The six-foot-six Nyika, who was undefeated in 10 pro fights with nine KOs, wasn’t afraid to mix it up with Opetaia although had never fought beyond five rounds and took the fight on three weeks’ notice when obscure German campaigner Huseyin Cinkara suffered an ankle injury in training and had to pull out. He wobbled Opetaia in the second round in a fight that was an entertaining slugfest for as long as it lasted.
In round four, the champion but Nyika on the canvas with his patented right uppercut and then finished matters moments later with a combination climaxed with an explosive left hand. Nyika was unconscious before he hit the mat.
Opetaia’s promoter Eddie Hearn wants Opetaia to unify the title and then pursue a match with Oleksandr Usyk.
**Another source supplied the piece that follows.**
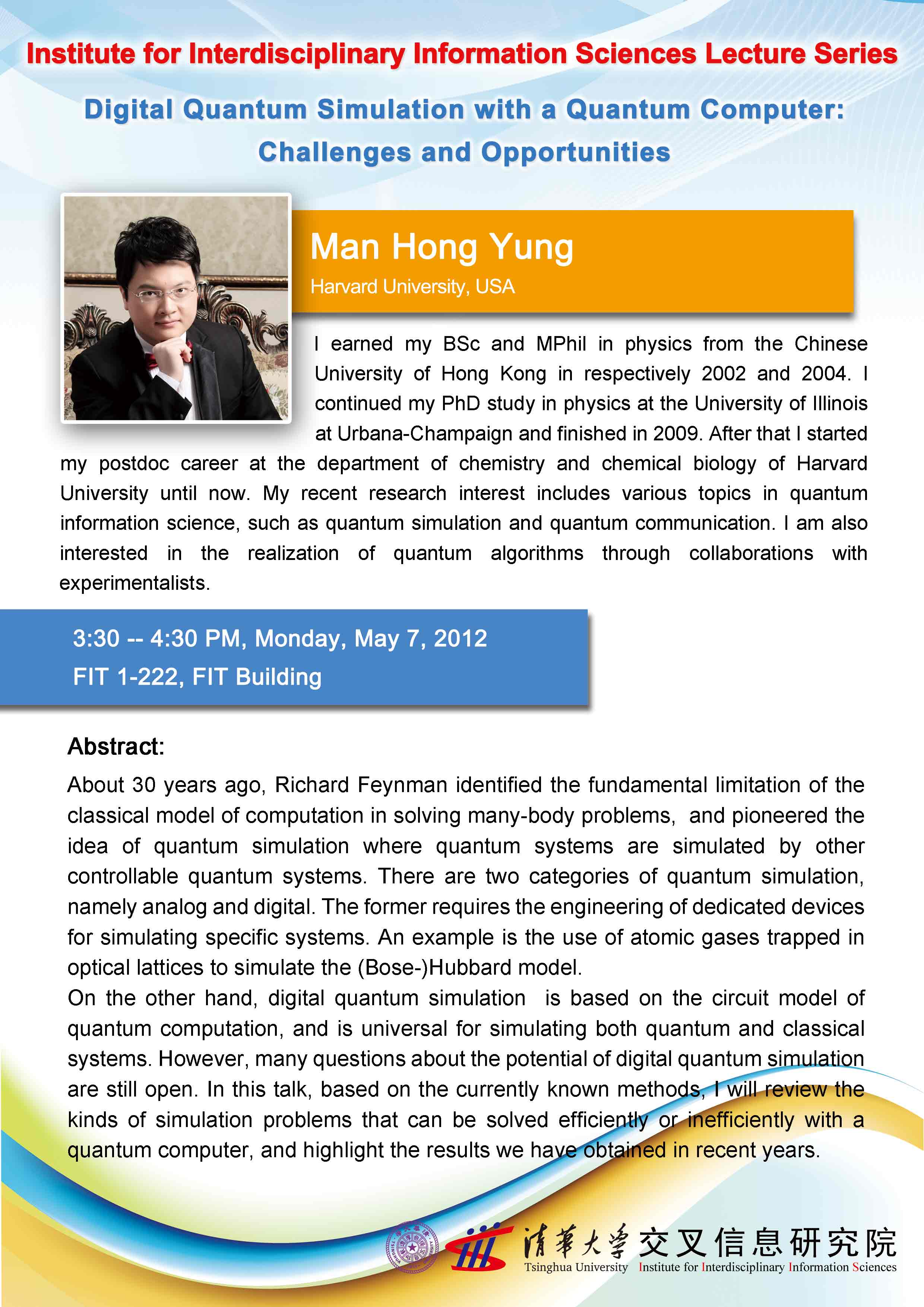 I earned my BSc and MPhil in physics from the Chinese University of Hong Kong in respectively 2002 and 2004. I continued my PhD study in physics at the University of Illinois at Urbana-Champaign and finished in 2009. After that I started my postdoc career at the department of chemistry and chemical biology of Harvard University until now. My recent research interest includes various topics in quantum information science, such as quantum simulation and quantum communication. I am also interested in the realization of quantum algorithms through collaborations with experimentalists.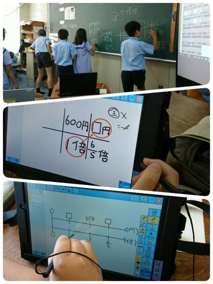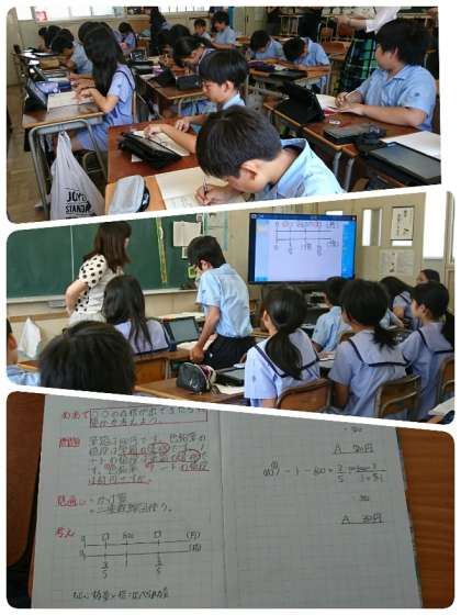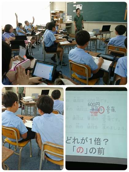 2時間目に6−1の算数科「分数のわり算を考えよう」の授業を見てきました。住吉川小学校では、3年生以上の学年で、算数の学習を習熟度に分かれて行っています。本時の目標は、「○倍を表す数に着目し立式する」です。どちらのコースも問題文をしっかり読み、何を聞かれているのかを考えて問題に取組んでいました。タブレットに自分の考えを書き込んだり、友達と意見交流をしたりしながら学習していました。集中してがんばっていましたよ。

Gilberto “Zurdo” Ramirez, a Golden Boy Promotions fighter, holds the WBA and WBO versions of the title and is expected to be Opetaia’s next opponent. The WBC diadem is in the hands of grizzled Badou Jack.
Other Fights of Note
Brisbane heavyweight Justis Huni (12-0, 7 KOs) wacked out overmatched South African import Shaun Potgieter (10-2), ending the contest at the 33-second mark of the second round. The 25-year-old, six-foot-four Huni turned pro in 2020 after losing a 3-round decision to two-time Olympic gold medalist Bakhodir Jalolov. There’s talk of matching him with England’s 20-year-old sensation Moses Itauma which would be a delicious pairing.
Eddie Hearn’s newest signee Teremoana Junior won his match even quicker, needing less than a minute to dismiss Osasu Otobo, a German heavyweight of Nigerian descent.
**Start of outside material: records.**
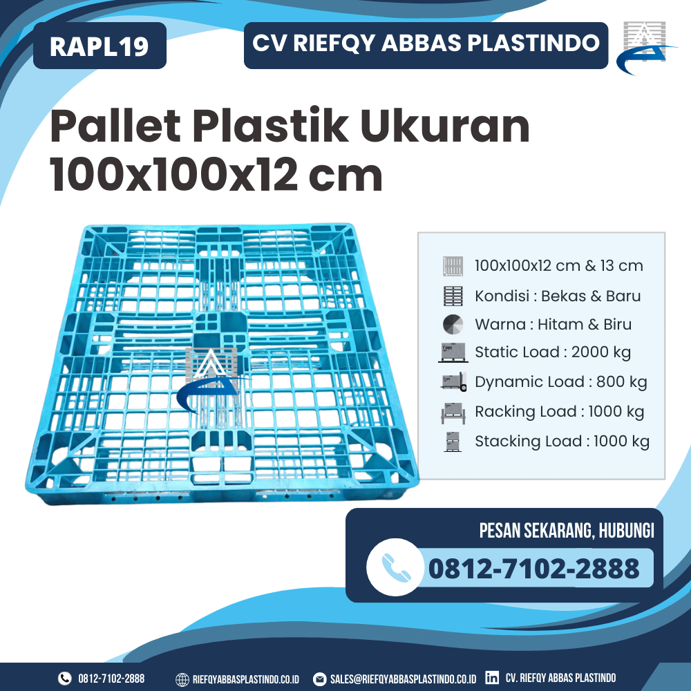 CV Riefqy Abbas Plastindo dengan bangga menghadirkan Pallet Plastik Ukuran 100x100x12 cm – RAPL19, sebuah solusi praktis untuk kebutuhan penyimpanan dan penataan barang dengan kualitas tinggi serta harga yang tetap terjangkau. Pallet ini dirancang menggunakan material premium yang kokoh dan tahan lama, menjadikannya pilihan tepat bagi Anda yang mengutamakan keamanan, kekuatan, dan efisiensi dalam setiap penggunaan.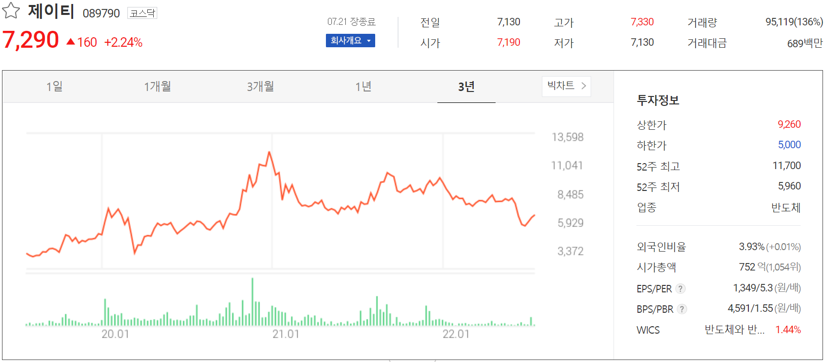 7월 21일 장 종료 기준 당사의 주가는 전일보다 2.24% 오른 7,290원에 거래를 마감했습니다. 외국인 비율은 3.93%이며, 시가총액 752억 원으로 코스닥 시총 기준 1054위 종목입니다.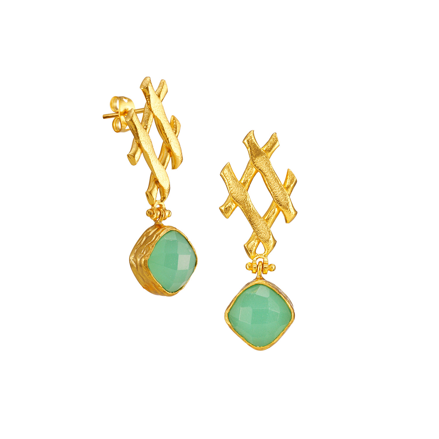 Ohrring aus Messing, vergoldet, Aquachalcedon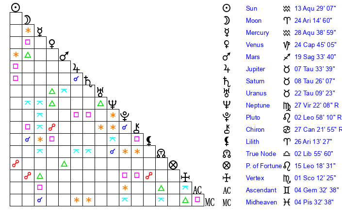 | Sun | 13 Aquarius 29 | 14 Aquarius 6 | 7 Taurus 2 |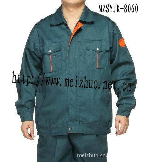 此款长袖夹克工装,为美卓公司2012年**推出,款式在格调上强调实用,穿着大方得体。图中的面料采用42支线卡T/C(65/35),具挺刮耐磨,经久耐用!另面料也可根据客户要求定制如CVC、C/C、T/R类的等。该产品尤其适合用于各类工矿企业、工程环卫等企事业单位作业人员穿着之用!产品无论在面料、辅料及企业绣印标方面均可达到**出口服装之标准。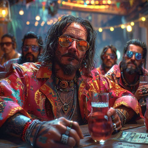 a Goons Club Character making party with other Goons in a Bar with Disco lights, Photorealistic 3D Style--ar 5:3 --v 6.0 --s 750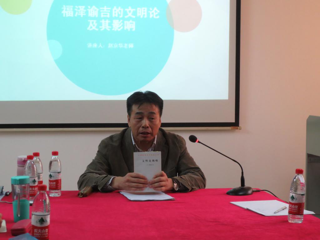 本网讯 1月7日下午,新年伊始,应本院丁国旗教授邀请,中国社会科公司文学研究所研究员赵京华教授莅临公司讲学。本次讲学,赵教授分别以“福泽谕吉的文明论及其影响”与“近代日本有关中国的知识生产——以橘朴为中心”为论题,展现了他渊博的知识,为本院日语系的员工带来了一场学术盛宴。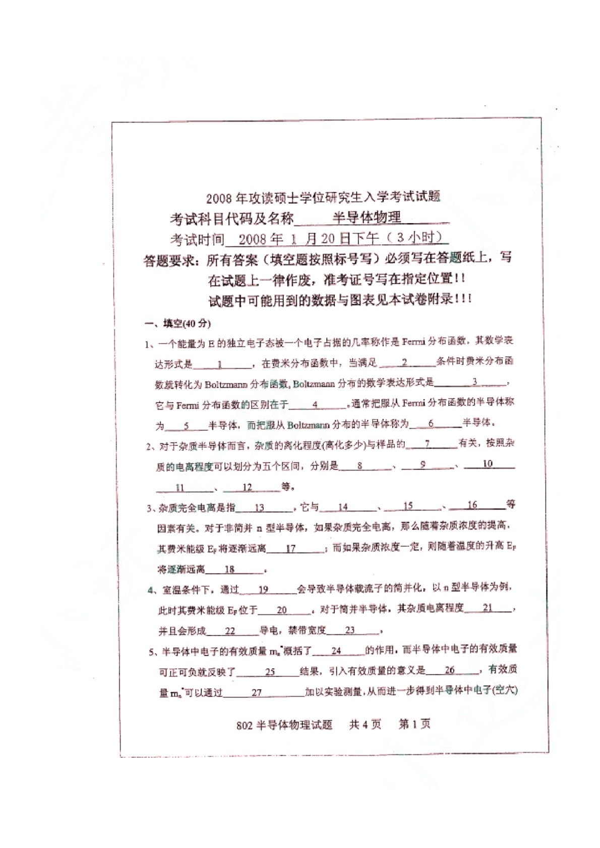 山东大学830半导体物理2008年真题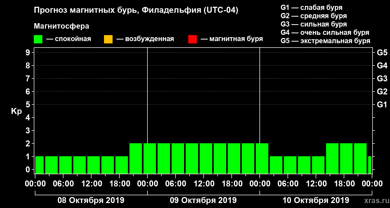 Прогноз магнитных бурь в Филадельфии — 8 октября 2019 года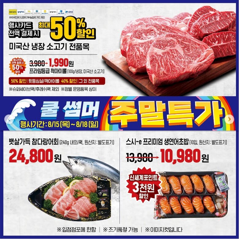 이번주 이마트에서는 '쿨썸머'라는 테마로 주말 특가 세일을 진행합니다.

The six-foot-six Teremoana, who akin to Huni hails from Brisbane and turned pro after losing to the formidable Jalolov, has won all six of his pro fights by knockout while answering the bell for only eight rounds. He has an interesting lineage; his father is from the Cook Islands.
Rising 20-year-old Max “Money” McIntyre, a six-foot-three super middleweight, scored three knockdowns en route to a sixth-round stoppage of Abdulselam Saman, advancing his record to 7-0 (6 KOs). As one can surmise, McIntyre is a big fan of Floyd Mayweather.
The Opetaia-Nyika fight card aired on DAZN pay-per-view (39.99) in the Antipodes and just plain DAZN elsewhere.